ECLI:NL:RBGEL:2013:6446

Rechtbank Gelderland

Datum uitspraak
16 oktober 2013
Publicatiedatum
14 maart 2014
Zaaknummer
233485
Instantie
Rechtbank Gelderland
Type
Uitspraak
Rechtsgebied
Civiel recht
Procedures
  • Eerste aanleg - enkelvoudig
Rechters
  • N.W. Huijgen
Vindplaatsen
  • Rechtspraak.nl
AI samenvatting door LexboostAutomatisch gegenereerd

Toewijzing van vordering tot tussenkomst en voorlopige voorziening in civiele procedure

In deze zaak heeft de Rechtbank Gelderland op 16 oktober 2013 uitspraak gedaan in een incident tot tussenkomst en een verzoek om een voorlopige voorziening. De eiseres in de hoofdzaak, Leweborgh Holding B.V., heeft een vordering ingesteld tegen Nieftweg Management B.V. en een andere gedaagde, waarbij zij betaling vordert voor aandelen die op 7 juli 2011 zijn gekocht. In het incident heeft Groeneveld Gerechtsdeurwaarders B.V. verzocht om als tussenkomende partij te worden toegelaten, omdat zij een belang heeft bij de uitkomst van de procedure. De rechtbank heeft vastgesteld dat Groeneveld Gerechtsdeurwaarders een feitelijk belang heeft bij de uitkomst, aangezien zij mogelijk benadeeld kan worden door de uitkomst van de hoofdzaak.

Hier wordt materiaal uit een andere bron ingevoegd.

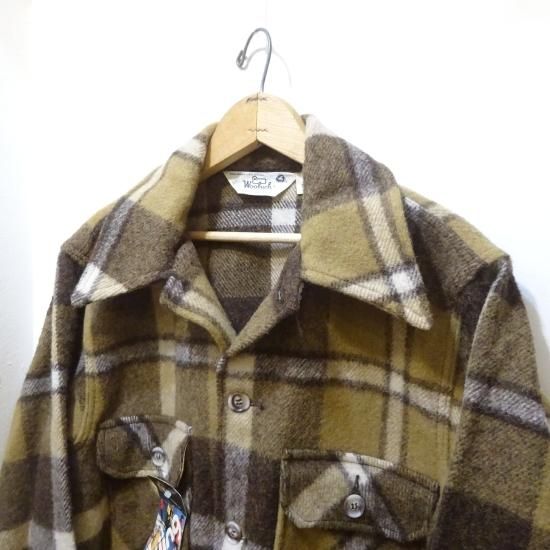 Dead Stock 70's Woolrich Brown Check Wool Jacket size M Made in U.S.A

De rechtbank heeft vervolgens de vordering tot tussenkomst van Groeneveld Gerechtsdeurwaarders toegewezen, omdat de gedaagden zich niet verzetten tegen deze tussenkomst. Daarnaast heeft de rechtbank een voorlopige voorziening toegewezen, waarbij Nieftweg Management en de andere gedaagde hoofdelijk zijn veroordeeld om een bedrag van € 264.917,09 te betalen aan Groeneveld Gerechtsdeurwaarders. Dit bedrag is bedoeld ter dekking van een tekort op de derdengeldrekening van het gerechtsdeurwaarderskantoor. De rechtbank heeft ook de kosten van het incident aan de gedaagden opgelegd, en de beslissing over de kosten van de tussenkomst aangehouden tot de einduitspraak in de hoofdzaak.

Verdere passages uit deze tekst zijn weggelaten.